Черноватенькая фигурка тут вскрикнула и побежала в пространство; а за нею рванулось черное суковатое очертание, складываясь на песчанистом берегу в то самое странное целое, которое могло выдавить из себя чудовищные, невыразимые смыслы, не существующие нигде; черноватенькая фигурка ударилась грудью в решетку какого-то садика, перелезла через забор и теперь беззвучно скользила, цепляясь ногами о росянистые травы, — к той серенькой дачке, где она была так недавно, где теперь — все не то.

Осторожно она подкралась к террасе, приложила руку к груди; и беззвучно она, в два скачка, оказалась у двери; дверь не была занавешена; фигурочка тогда приникла к окну; там, за окнами, ширился свет.

Там сидели… —

— На столе стоял самовар; под самоваром стояла тарелка с объедками холодной котлеты; и выглядывал женский нос с неприятным, сконфуженным, немного придавленным видом; нос выглядывал робко; и — робко он прятался: нос — ястребиный; колыхалася на стене теневая женская голова с короткой косицей; эта жалкая голова повисала на выгнутой шее. Липпанченко одной рукой облокотился на стол; другая рука лежала свободно на кресельной спинке; грубая, — отогнулась и разогнулась ладонь; поражала ее ширина; поражала короткость пяти будто бы обрубленных пальцев, с заусенцами и с коричневой краскою на ногтях…

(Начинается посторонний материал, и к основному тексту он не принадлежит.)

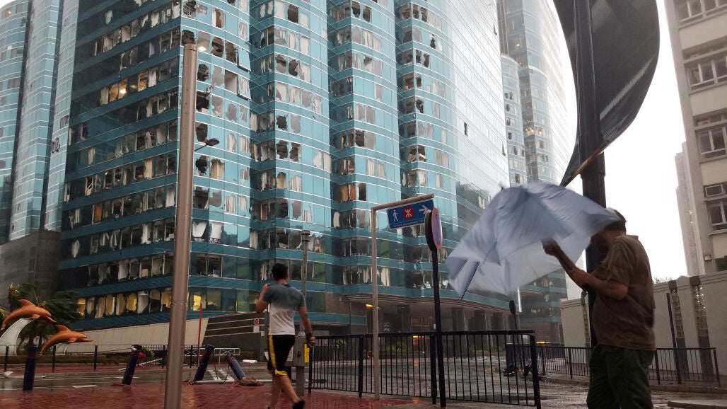 El tifón Mangkhut arrasa con todo lo que hay a su paso en Hong Kong, donde el mar se ha adentrado en la ciudad y el agua se ha colado dentro de los edificios. El viento ha arrancado las ventanas de algunos rascacielos y andamios de obra, además inundar aparcamientos y miles de locales comerciales.

— Фигурочка в два скачка отлетела от двери; и — очутилась в кустах; ее охватил порыв неописуемой жалости; кинулась безлобая, головастая шишка — из дупла, под двумя суками к фигурочке; застонали ветра в гниловатом раструбе куста.

И фигурочка ожесточенно зашептала под куст:

— «Ведь нельзя же так просто… Ведь как же так… Ведь еще ничего не доказано…»

Лебединая песня

Повернувшись всем корпусом от вздохнувшей Зои Захаровны, Липпанченко протянул свою руку — ну, представьте же! — к тут на стенке повешенной скрипке:

— «Человек на стороне имеет всякие неприятности… Возвращается домой, отдохнуть, а тут — нате же…»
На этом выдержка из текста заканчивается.